▶ GIVEN DATA:
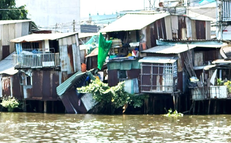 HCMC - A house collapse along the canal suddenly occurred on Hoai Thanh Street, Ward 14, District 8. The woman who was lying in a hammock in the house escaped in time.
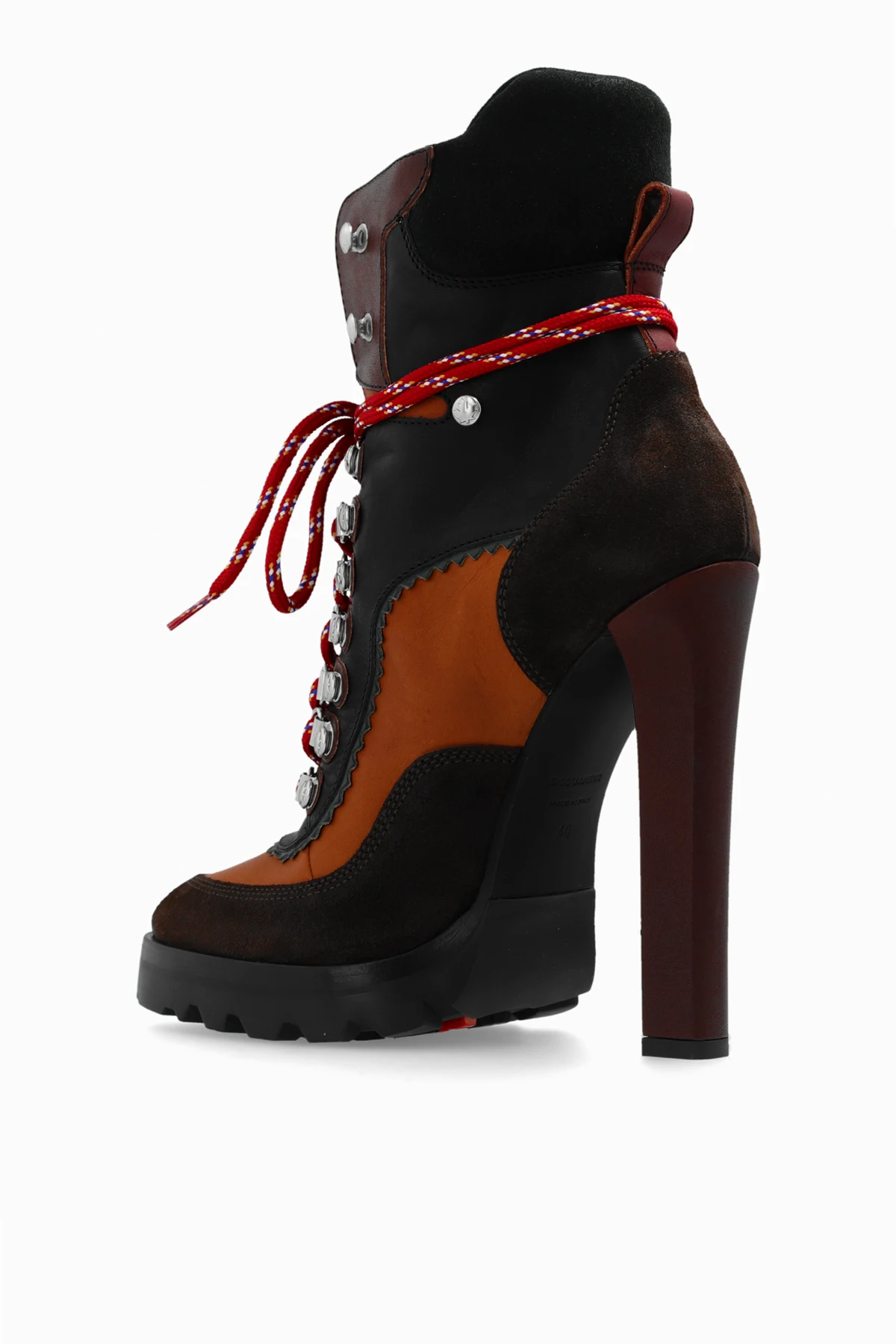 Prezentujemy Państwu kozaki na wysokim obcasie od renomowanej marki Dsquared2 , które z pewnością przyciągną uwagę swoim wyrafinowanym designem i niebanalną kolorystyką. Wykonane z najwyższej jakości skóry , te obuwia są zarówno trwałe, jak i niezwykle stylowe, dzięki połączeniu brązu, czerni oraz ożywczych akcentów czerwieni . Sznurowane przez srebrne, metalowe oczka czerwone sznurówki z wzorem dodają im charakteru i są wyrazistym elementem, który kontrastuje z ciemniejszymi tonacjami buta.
==
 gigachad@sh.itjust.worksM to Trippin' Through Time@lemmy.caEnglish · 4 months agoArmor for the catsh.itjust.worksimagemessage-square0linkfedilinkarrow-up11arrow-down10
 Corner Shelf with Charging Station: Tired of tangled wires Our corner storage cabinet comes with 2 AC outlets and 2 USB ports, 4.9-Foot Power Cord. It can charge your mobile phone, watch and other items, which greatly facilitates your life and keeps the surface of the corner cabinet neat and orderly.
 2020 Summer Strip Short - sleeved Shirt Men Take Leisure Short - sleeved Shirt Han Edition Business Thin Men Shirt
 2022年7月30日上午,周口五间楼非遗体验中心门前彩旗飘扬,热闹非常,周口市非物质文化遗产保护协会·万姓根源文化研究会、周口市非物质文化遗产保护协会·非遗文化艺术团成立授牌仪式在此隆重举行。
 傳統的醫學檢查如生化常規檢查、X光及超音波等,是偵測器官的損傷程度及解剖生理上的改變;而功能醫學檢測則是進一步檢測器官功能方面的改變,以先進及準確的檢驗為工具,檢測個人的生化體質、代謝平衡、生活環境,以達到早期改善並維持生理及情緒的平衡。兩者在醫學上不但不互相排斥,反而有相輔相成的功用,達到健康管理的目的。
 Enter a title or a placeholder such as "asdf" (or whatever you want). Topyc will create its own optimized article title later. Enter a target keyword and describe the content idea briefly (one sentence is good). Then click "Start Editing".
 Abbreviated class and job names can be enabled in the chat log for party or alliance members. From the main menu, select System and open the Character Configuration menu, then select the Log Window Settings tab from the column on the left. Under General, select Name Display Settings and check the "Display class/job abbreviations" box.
* * *
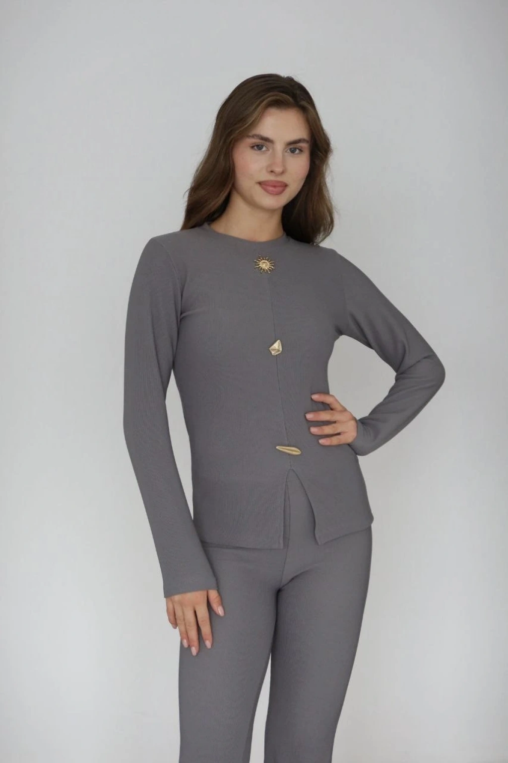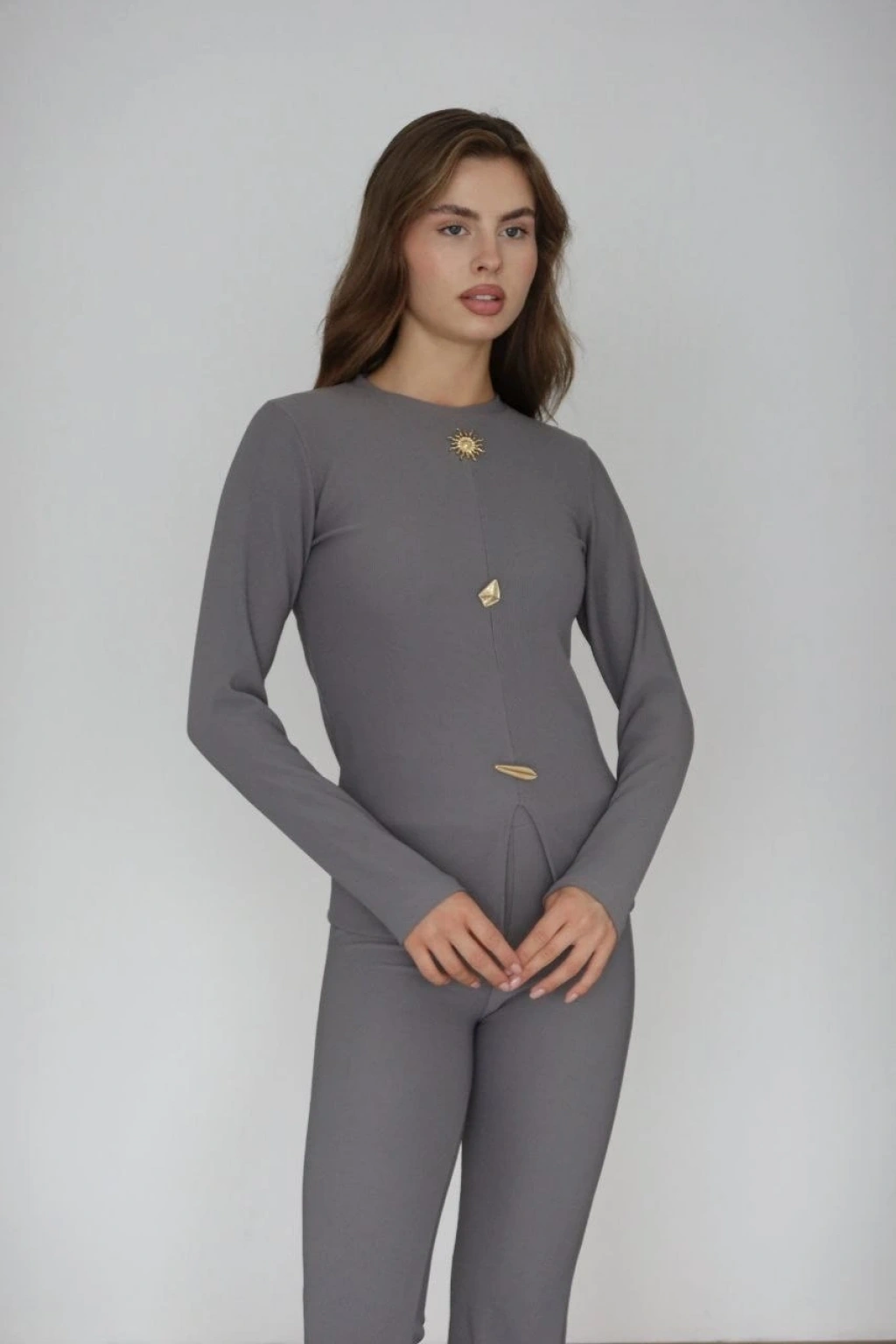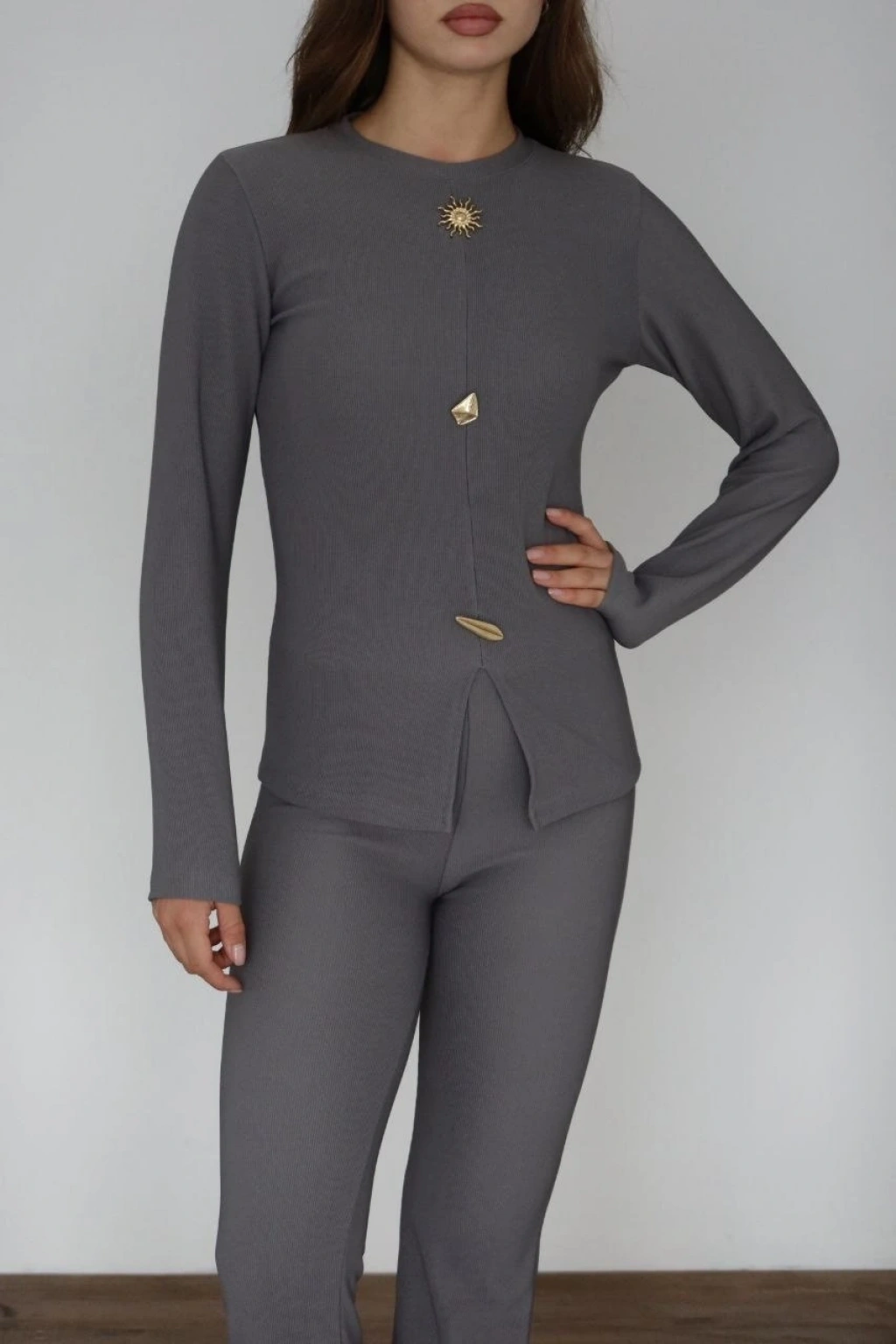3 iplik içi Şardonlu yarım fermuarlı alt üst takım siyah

▶ TASK REQUIREMENTS:
In the data above, which lines lie between the line with "2020 Summer Strip" and the line with "2022年7月30日上午,周", inclusive? Print those lines exactly and nothing else.

▶ PROBLEM SOLUTION:
 2020 Summer Strip Short - sleeved Shirt Men Take Leisure Short - sleeved Shirt Han Edition Business Thin Men Shirt
 2022年7月30日上午,周口五间楼非遗体验中心门前彩旗飘扬,热闹非常,周口市非物质文化遗产保护协会·万姓根源文化研究会、周口市非物质文化遗产保护协会·非遗文化艺术团成立授牌仪式在此隆重举行。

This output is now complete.